In this vignette, we will demonstrate how the checkerboard parameters \(m\) can be used to produce an efficient meta-model. We will construct \(m\)-randomized checkerboard copulas, and based on some fit statistics we will then combine them in a convex mixture. Our model here will use all possibles \(m_i\)’s values for checkerboard copulas and aggregate all those values by optimizing a quadratic loss under resampling condition.
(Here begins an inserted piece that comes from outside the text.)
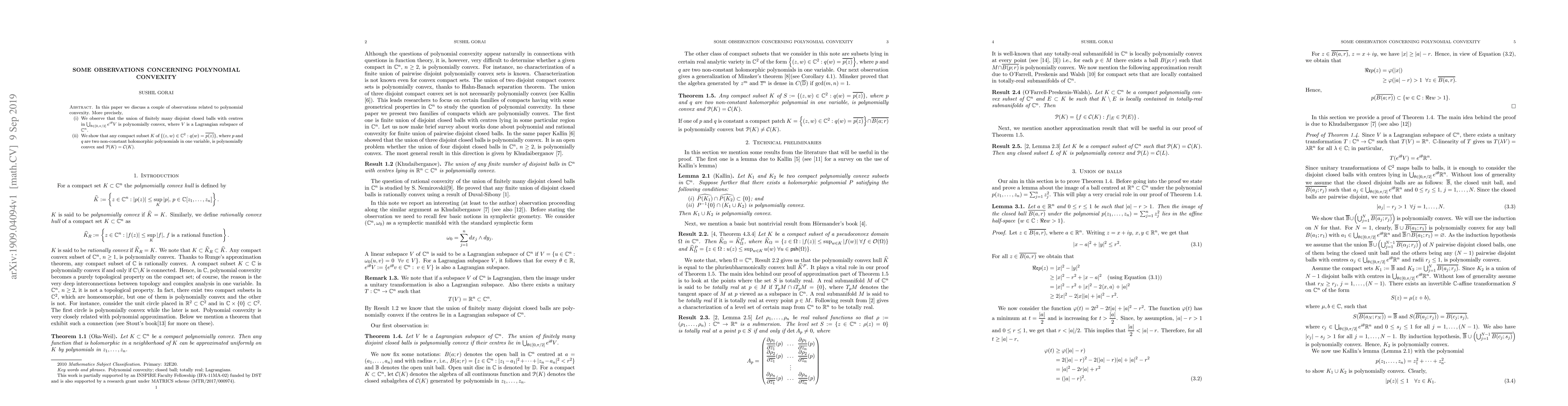 This paper observes two aspects of polynomial convexity: (i) the union of finitely many disjoint closed balls centered in a specific set is polynomially convex, and (ii) any compact subset of a particular complex set defined by holomorphic polynomials is polynomially convex with equal polynomial and continuous approximations.

As usual, we will work on the LifeCycleSavings dataset :
set.seed(1)
df <- apply(LifeCycleSavings,2,rank)/(nrow(LifeCycleSavings)+1)
d = ncol(df)
n = nrow(df)
nb_replicates = 20 # number of replication of the resampling.
nb_fold = 5 # "k" value for the k-fold resampling method.
nb_cop = 50 # the number of m-randomized checkerboard copulas we will test.
pairs(df,lower.panel = NULL)
The following functions proposes a fit :
make_k_fold_samples <- function(data,k = nb_fold,n_repeat = 1){
sapply(1:n_repeat,function(n){
# shuffle data :
data <- data[sample(nrow(data)),]
# create k folds :
folds <- cut(seq(1,nrow(data)),breaks=k,labels=FALSE)
sapply(1:k,function(i){
test_index <- which(folds==i,arr.ind=TRUE)
return(list(train = data[-test_index,],
test = data[test_index,]))
},simplify=FALSE)
})
}
build_random_m <- function(how_much=1,dim = d,nrow_data){
t(sapply(1:how_much,function(i){
m_pos = (2:nrow_data)[nrow_data%%(2:nrow_data)==0]
sample(m_pos,d,replace=TRUE)
}))
}
build_all_checkerboard <- function(sampled_data,m){
lapply(sampled_data,function(d){
apply(m,1,function(m_){
cbCopula(x = d$train,m = m_,pseudo=TRUE)
})
})
}
samples <- make_k_fold_samples(df,k=nb_fold,n_repeat=nb_replicates)
rand_m <- build_random_m(nb_cop,d,nrow(samples[[1]]$train))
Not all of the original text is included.